In [5]:
import pandas as pd
import numpy as np

## Import data
In this notebook I import the data from the website and do some preparation before pickling two versions, one big--600,000 cases, one small--10,000. Both are just the combined text and the positive or negative value of the review.

In [6]:
# url = 'https://www.kaggle.com/snap/amazon-fine-food-reviews/downloads/amazon-fine-food-reviews.zip/2'
df = pd.read_csv('data/amazon-fine-food-reviews/Reviews.csv')

In [7]:
df.head(3)

Unnamed: 0,Id,ProductId,UserId,ProfileName,HelpfulnessNumerator,HelpfulnessDenominator,Score,Time,Summary,Text
0,1,B001E4KFG0,A3SGXH7AUHU8GW,delmartian,1,1,5,1303862400,Good Quality Dog Food,I have bought several of the Vitality canned d...
1,2,B00813GRG4,A1D87F6ZCVE5NK,dll pa,0,0,1,1346976000,Not as Advertised,Product arrived labeled as Jumbo Salted Peanut...
2,3,B000LQOCH0,ABXLMWJIXXAIN,"Natalia Corres ""Natalia Corres""",1,1,4,1219017600,"""Delight"" says it all",This is a confection that has been around a fe...


Here I combine all the test into one variable.

In [8]:
df["text_all"] = df.Summary.str.cat(df.Text, sep = ' . ')

Confirm that they are, in fact, strings.

In [9]:
type(df.text_all[0])

str

Get rid of all the variables that we will not be using in the analysis under any circumstances. I might use the Summary variable and the hulpfulness numerator and the denominator variables. Everything else I am going to drop. 

In [10]:
df = df.drop(['Text', 'Id', 'ProductId', 'UserId', 'ProfileName', 'Time'], axis=1)

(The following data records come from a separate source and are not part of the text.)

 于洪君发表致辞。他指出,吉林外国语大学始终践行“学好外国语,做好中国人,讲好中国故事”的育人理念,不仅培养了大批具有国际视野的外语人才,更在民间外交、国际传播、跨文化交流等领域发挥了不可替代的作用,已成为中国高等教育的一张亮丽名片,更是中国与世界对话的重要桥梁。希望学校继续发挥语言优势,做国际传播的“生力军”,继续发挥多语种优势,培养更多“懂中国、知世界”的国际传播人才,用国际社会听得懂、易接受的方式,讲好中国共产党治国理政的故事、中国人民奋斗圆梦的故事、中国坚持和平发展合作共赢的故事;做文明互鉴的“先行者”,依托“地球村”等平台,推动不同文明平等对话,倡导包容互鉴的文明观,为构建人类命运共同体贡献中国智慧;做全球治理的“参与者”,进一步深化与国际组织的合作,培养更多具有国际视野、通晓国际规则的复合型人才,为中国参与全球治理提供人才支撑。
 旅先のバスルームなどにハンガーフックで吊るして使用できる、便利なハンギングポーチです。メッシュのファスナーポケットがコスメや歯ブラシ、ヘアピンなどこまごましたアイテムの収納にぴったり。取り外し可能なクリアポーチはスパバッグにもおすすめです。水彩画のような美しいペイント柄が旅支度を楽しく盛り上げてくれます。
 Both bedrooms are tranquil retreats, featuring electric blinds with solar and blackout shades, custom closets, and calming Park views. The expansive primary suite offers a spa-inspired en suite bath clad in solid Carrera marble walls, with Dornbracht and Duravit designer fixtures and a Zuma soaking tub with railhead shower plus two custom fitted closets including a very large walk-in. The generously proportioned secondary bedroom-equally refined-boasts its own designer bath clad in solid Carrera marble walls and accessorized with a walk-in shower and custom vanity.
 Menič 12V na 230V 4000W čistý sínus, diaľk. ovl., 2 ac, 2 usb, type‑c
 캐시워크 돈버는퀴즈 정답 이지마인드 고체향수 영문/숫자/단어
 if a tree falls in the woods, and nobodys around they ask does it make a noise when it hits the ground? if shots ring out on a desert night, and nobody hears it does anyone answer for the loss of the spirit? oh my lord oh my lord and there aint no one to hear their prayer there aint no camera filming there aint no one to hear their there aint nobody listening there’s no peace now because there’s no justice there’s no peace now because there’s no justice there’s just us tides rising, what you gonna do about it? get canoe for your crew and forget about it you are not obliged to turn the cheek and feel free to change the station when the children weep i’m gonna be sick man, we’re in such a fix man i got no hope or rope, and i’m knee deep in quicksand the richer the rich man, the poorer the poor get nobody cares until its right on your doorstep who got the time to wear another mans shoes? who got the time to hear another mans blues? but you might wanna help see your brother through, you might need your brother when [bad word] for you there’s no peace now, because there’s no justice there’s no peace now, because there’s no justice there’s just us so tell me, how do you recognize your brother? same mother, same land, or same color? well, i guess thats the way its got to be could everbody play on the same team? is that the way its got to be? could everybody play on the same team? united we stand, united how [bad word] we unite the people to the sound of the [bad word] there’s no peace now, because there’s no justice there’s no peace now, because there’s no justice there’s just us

Create a small function that sets the threshold for when a review is considered positive or negative. 

In [11]:
def postitive_threshold(df, threshold):
    '''
    Input: 
        df: a Pandas DataFrame
        threshold: a number between 2 and 5 
    Sets the threshold at which a review will be coded as 
    positive or negative. For example, if set at 4 the reviews 
    that gave 4 or 5 stars will be positive and 3 and below negative.
    '''
    df.loc[df.Score >=threshold,'positive'] = int(1)
    df.loc[df.Score <threshold,'positive'] = int(0)
    return df

In [12]:
df = postitive_threshold(df, 4)

In [13]:
sum(df.positive)/len(df)

0.7806735461444549

In [14]:
df.head()

Unnamed: 0,HelpfulnessNumerator,HelpfulnessDenominator,Score,Summary,text_all,positive
0,1,1,5,Good Quality Dog Food,Good Quality Dog Food . I have bought several ...,1.0
1,0,0,1,Not as Advertised,Not as Advertised . Product arrived labeled as...,0.0
2,1,1,4,"""Delight"" says it all","""Delight"" says it all . This is a confection t...",1.0
3,3,3,2,Cough Medicine,Cough Medicine . If you are looking for the se...,0.0
4,0,0,5,Great taffy,Great taffy . Great taffy at a great price. T...,1.0


So setting things at 4 and 5 as positive creates a fairly skewed data set but not so bad that we are looking at using models like random forest.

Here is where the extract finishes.